THIS DEED OF GUARANTEE AND INDEMNITY (the Deed) is made on 30 April 2024 by PARTY_1_NAME of PARTY_1_ADDRESS_SINGLE_LINE or any successor thereto as the guarantor (the Guarantor) in favour of PARTY_2_NAME, of PARTY_2_ADDRESS_SINGLE_LINE (the Lender). 

Capitalized terms, whenever used herein, shall have the respective meanings set forth in the loan facilities agreements (the Facilities Agreements) between each of the borrowers as set out in the Schedule (the Borrower(s)) and the Lender.

It is agreed that:

1. Guarantee and Indemnity

1.1 The Guarantor hereby agrees that if any of the Borrowers shall fail, at any time, to duly and punctually perform any obligations under the Facilities Agreements, the Guarantor will forthwith pay such amount and perform such obligation in accordance with the terms hereof, on-demand by the Lender, provided that the delay by the Lender in giving such demand shall in no way affect the Guarantor’s obligations under this Guarantee and Indemnity.

1.2 The Guarantor, as primary obligor and not merely as surety, does hereby unconditionally and irrevocably guarantee and indemnify the Lender from time to time of all obligations, liabilities and undertakings, whether now in existence or arising hereafter, any of the Borrowers of any and all sums payable under the Facilities Agreements pursuant to the terms thereof.

1.3. If any of the Borrowers do not make any payment when due of the sum due under the Facilities Agreements or if the Lender shall declare all or any portion of the Facilities Agreements to be immediately due and payable in accordance with the terms of the Facilities Agreements, then the Guarantor shall, on written demand made by the Lender, forthwith pay to such Lender the full amount due and payable by the Borrowers as stated in and in the manner required by the Facilities Agreements.  The guarantee and indemnity under this Deed is a guarantee and indemnity of payment and not of collection.  The Guarantor hereby waives, to the extent permitted by law, all defences of a surety to which it may be entitled by statute or otherwise.

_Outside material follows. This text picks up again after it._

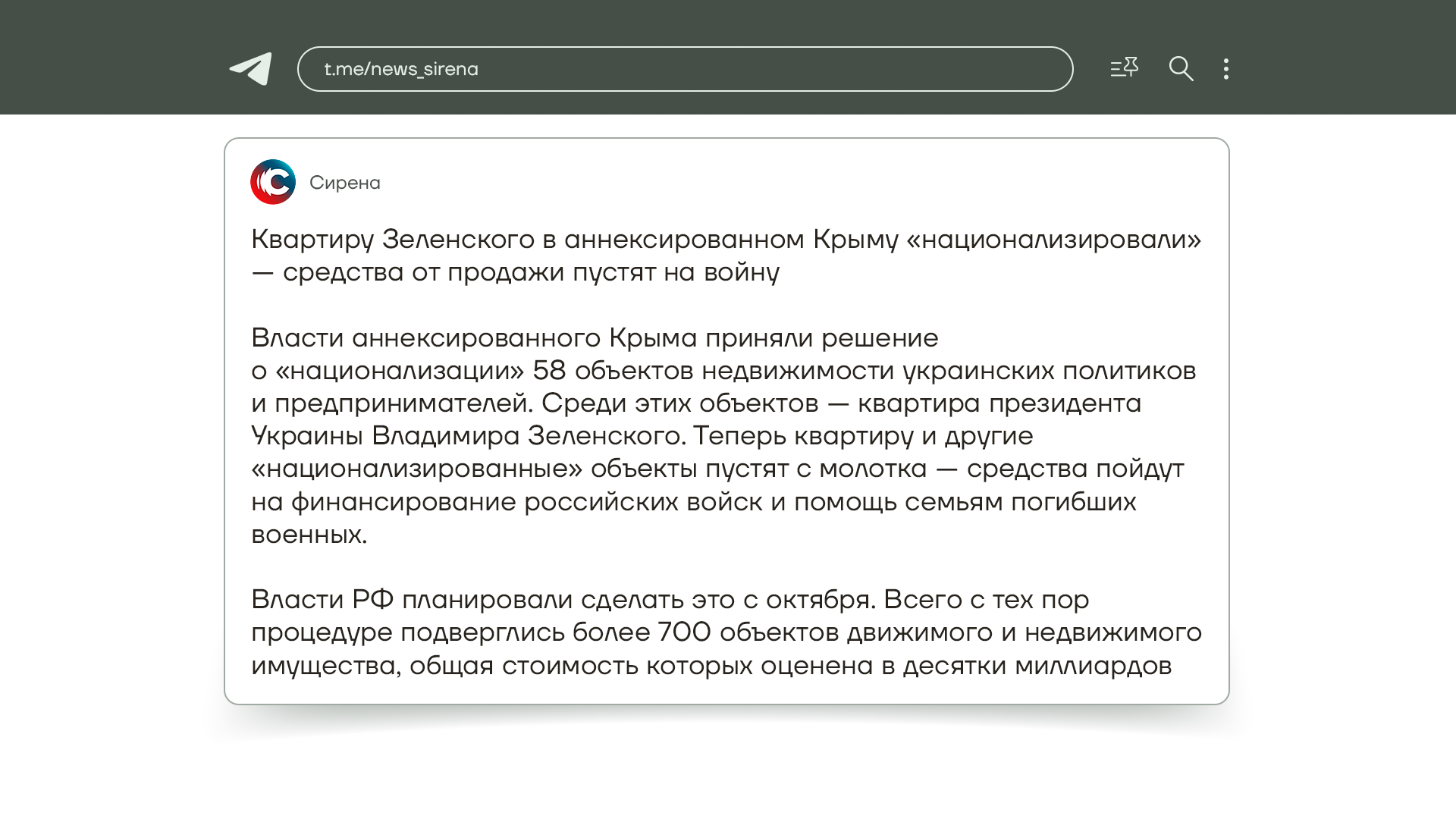 Власти аннексированного Крыма национализировали 58 объектов недвижимости украинских политиков и бизнесменов. Среди этих объектов оказалась и квартира Владимира Зеленского. Деньги, как говорят, идут на финансирование российских войск и помощь семьям погибших. С октября прошлого года национализировали уже более 700 объектов на десятки миллиардов рублей. Все для того, чтобы продолжать преступную войну в Украине и убивать мирных жителей.

1.4. The Guarantor hereby waives notice of the acceptance of this Deed of Guarantee and Indemnity.  Furthermore, the obligation of the Guarantor hereunder is unconditional and shall remain in full force and effect (without requiring any of the Lender first to take steps against any of the Borrowers or any other person) irrespective of the genuineness, legality, validity, regularity or enforceability of the Facilities Agreements or any other document, instrument or agreement contemplated therein.  In the event that any obligation of the Borrowers guaranteed by the Guarantor under the Guarantee and Indemnity is or becomes unenforceable, invalid or illegal, the Guarantor agrees, as a separate, additional continuing and primary obligation, to indemnify the Lender on demand against any loss or liability suffered by it in respect of such unenforceability, invalidity or illegality.